Sounds like you're ready for a framework! You can use Dependency Injection to set things in your app as they are created.

Here are some frameworks that help with Dependency Injection.

Note: I am the author of Bifff and Glue.

As an example, using bifff you can say the following (sets the "thePropertyFromMyFile" variable on any component with stylename="customStyleName")

<Selector match=".customStyleName">
  <Set thePropertyFromMyFile="{myGlobalSettings.property}"/>
</Selector>

However, reading your description makes it seem like you are running straight into the need for a full framework for your application. MVC frameworks help you separate the data of your app (in your case, which display mode you are in) from the views, without requiring the views to call Application.application or a global singleton.

This will take quite a bit more research for you, but it is the right path. Any flex app can benefit from a framework, pick the one best for you.

Sean Clark Hess
Although I like the MVC approach, I'm not entirely sure if using a framework on top of Flex is the way to go for me (just yet). So far I'm still getting used to Flex, and so far the code feels anything but clean or comfortable. I'm a PHP guy myself, so that might have something to do with it. Thanks for the heads up, and I've bookmarked them all! I just can't believe there is no (easy) way for me to do this, surely I'm not the only one who has a setup like this :).
Dave
+1  A: 

Coming from a php background, I see where you might be going wrong.
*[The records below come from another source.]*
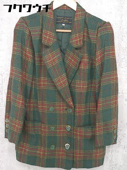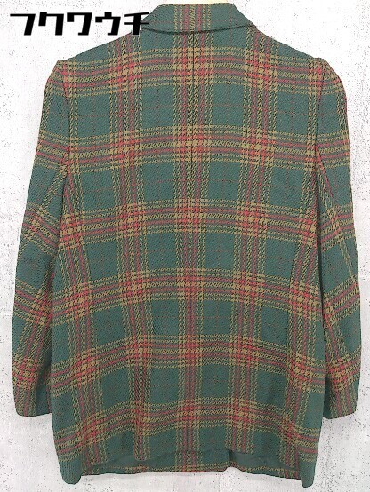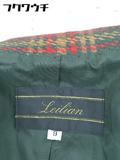 ◇ Leilian レリアン ダブル チェック 長袖 テーラードジャケット サイズ9 グリーン ベージュ レッド レディース
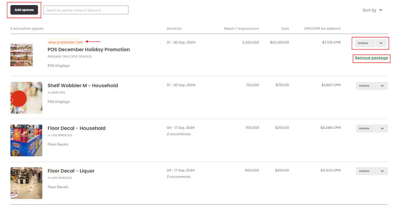 - You also have the option to add more media spaces to your campaign by clicking on the Add spaces button.
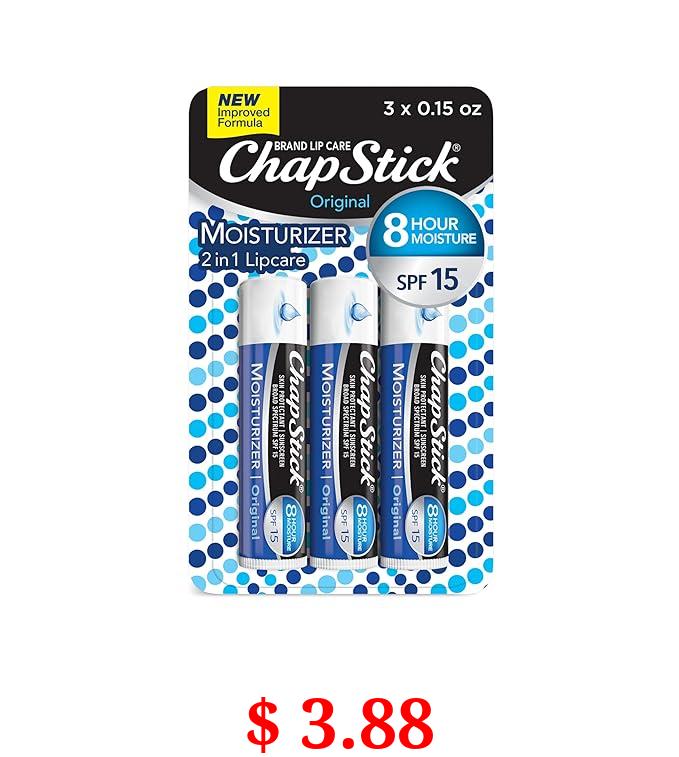 $ 3.88 ChapStick Moisturizer Original Lip Balm Tubes, SPF 15 and Skin Protectant - 0.15 Oz (Pack of 3)
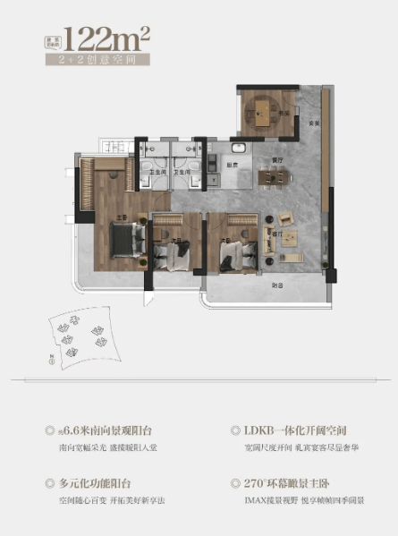 122㎡四房:朝东南,配备6.6米南向景观阳台、多元化功能阳台。
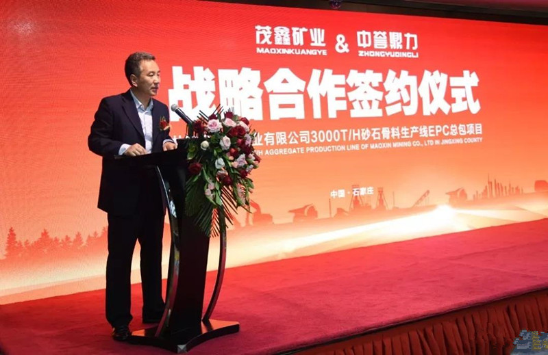 河南中譽(yù)鼎力智能裝備有限公司董事長(zhǎng)張治民在致辭中表示,今天這個(gè)儀式,標(biāo)志著兩家企業(yè)的戰(zhàn)略合作正式啟動(dòng)。中譽(yù)鼎力非常有信心,一定會(huì)把茂鑫礦業(yè)時(shí)產(chǎn)3000噸生產(chǎn)線建成當(dāng)?shù)丨h(huán)保生產(chǎn)線標(biāo)桿。今天簽約儀式完成以后,明天項(xiàng)目各部門就會(huì)進(jìn)入工地開(kāi)始前期各項(xiàng)工作。中譽(yù)鼎力作為項(xiàng)目的EPC總承包商,會(huì)在最短的時(shí)間內(nèi),把優(yōu)質(zhì)、環(huán)保、智能的項(xiàng)目呈現(xiàn)在大家面前。
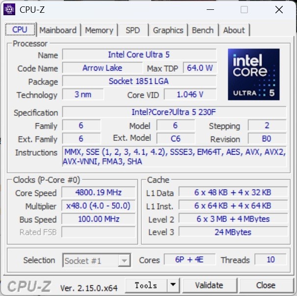 处理器:Core Ultra 5 230F
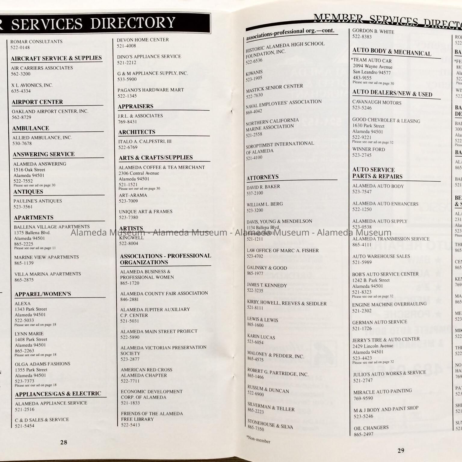 Subject Category: Chamber of Commerce; Businesses of Alameda

It's not like php where each file is just a big hunk-o-code that can be included into other php files.

Each mxml file is a full fledged Actionscript class. You're not "including those mxml files", you're actually creating properties in your main mxml class, and those properties' types are of the "child" mxml objects.

If your child mxml components really need some information from the parent, you should pass that data into them.

But step back a little bit. Are you sure you want those child mxml files doing all that work? Could they just simply be dumb layouts that don't have any logic in them? Then you could let the main mxml manipulate them.

Marc Hughes
Oh, that sounds strangely logical. I wanted to make the template (child) items as dumb as I could, but for some reason it never occured to me to 'inject' whatever I need from the main application to the client. I was kind-of blind-sighted on getting the client to read from the parent. I'll try this one, sounds very logical. Thanks!
Dave
A: 

you can very easily do this. think of it in OOP fashion. each mxml is a different class. You want to call method of one class in another class. If you want it run in its original scope make the methor variable static and call it by MXMLFileName.MethodName();

If you want to execute in its own scope make an object of the parent MXML and then call the method.